Four new booths in Indianapolis City Market will provide a space for Black restaurant owners to get their start. A new program with the Indy Black Chamber of Commerce and Bank of America launched Aug. 3 to bring more Black restaurant owners into City Market and provide them with guidance to continue their business after they leave.
The kitchen incubator called S.O.U.L (Supporting Our Unique Locals) was funded by a grant from Bank of America and will provide fully equipped kitchen spaces and help with setup costs. The four new restaurants are Naptown Hot Chicken, Chef Wuan’s Kitchen, Two Crazy Ladies and T Street Eatz.
The chamber saw a need for more vendors at City Market after seeing so many leave, said Anita Williams, Indy Black Chamber of Commerce board chair. So, they asked for an opportunity to put four caterers into the market to grow their restaurants. The kitchen will be available to Black caterers and food truck owners who need more space.
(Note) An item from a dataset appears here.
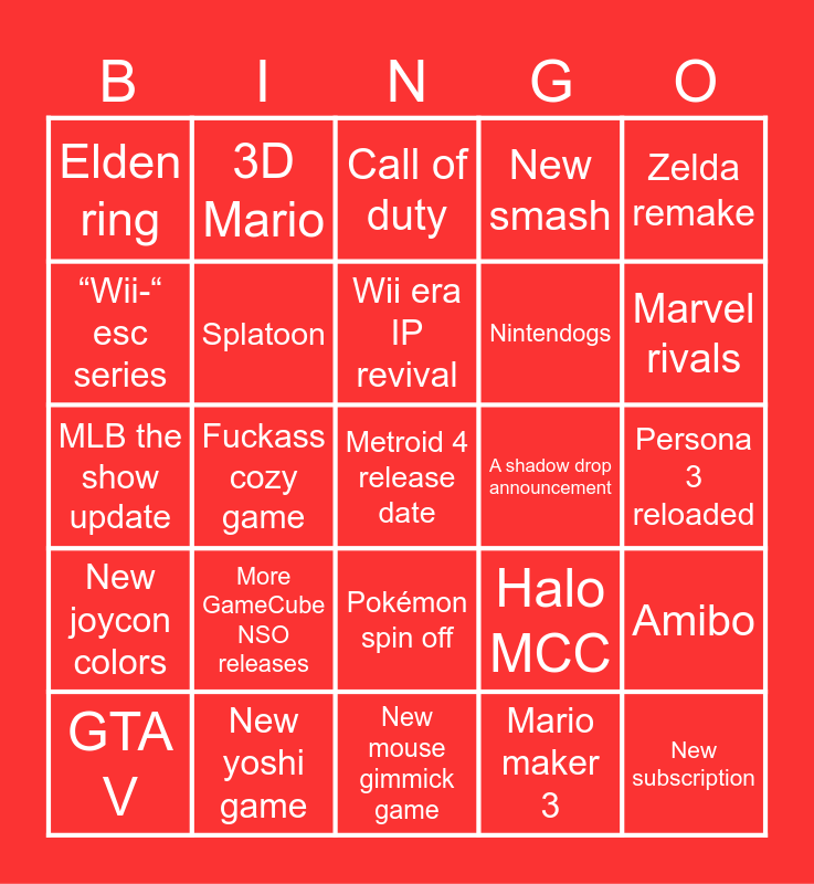 This bingo card has a free space and 34 words: Animal crossing, Mario maker 3, Final fantasy 7 remake release date, Cooking mama, New joycon colors, Splatoon, Zelda remake, GTA V, 3D Mario, Mario kart dlc/update, Wii era IP revival, Call of duty, Luigi’s mansion 4, Mario sports game, A shadow drop announcement, Marvel rivals, New yoshi game, MLB the show update, More GameCube NSO releases, Halo MCC, Pokémon spin off, Switch sports 2, Elden ring, Persona 3 reloaded, New mouse gimmick game, New subscription, New smash, New IP, Nintendogs, “Wii-“ esc series, BG3, Fuckass cozy game, Amibo and Tomodachi life mention.

The program will also provide classes focused on food safety, menu creation and marketing, Williams said.
The goal is to create a “revolving door” for restaurant owners “to grow and outgrow” City Market, Williams said.
Tasha Claytor, a business owner in the program, was looking for a way to support her family during the pandemic. On top of being a full-time registered nurse, she was doing Lyft, DoorDash and Instacart to keep her family afloat.
That venture was put on hold when her grandmother, Alberta, died at the end of July. Two weeks later, a voicemail sparked inspiration.
“One day for her last birthday, I made some food for her,” Claytor said. “I was making a trip for her, a memorial trip, and I got a voicemail ranting and raving about how good my food was. And I was like, that’s it. I can cook.”
Taking bits and pieces of recipes from her grandmother and the excitement of presentation from her mother, Claytor created T Street Eatz.
Having a space in City Market will provide more stability for her business by allowing them to be open more consistently, rather than sporadically like they were operating before.
“This basically is to help build a foundation for our kids and then show that we can do it, we can own a business,” Claytor said.
Chef David Brown, owner of Naptown Hot Chicken, was also looking for his passion. His upbringing in Haughville has been an inspiration to continuously move forward, do better and stay local, he said.
Brown has been in the food industry for about 15 years after an eight-year stint in the Navy and Army. Going from a rescue swimmer to a chef brings on a different kind of heat, but he said it made for a smooth transition.
After serving, he got his master’s degree and searched for his next adventure. He wanted something easy but unique, he said. His twist on the Nashville Hot Chicken is a liquidized sauce instead of the original hot breading. He hopes to inspire others to “keep growing and keep going.”
“Always keep your goals, make big goals, accomplish those goals, and set more goals,” Brown said.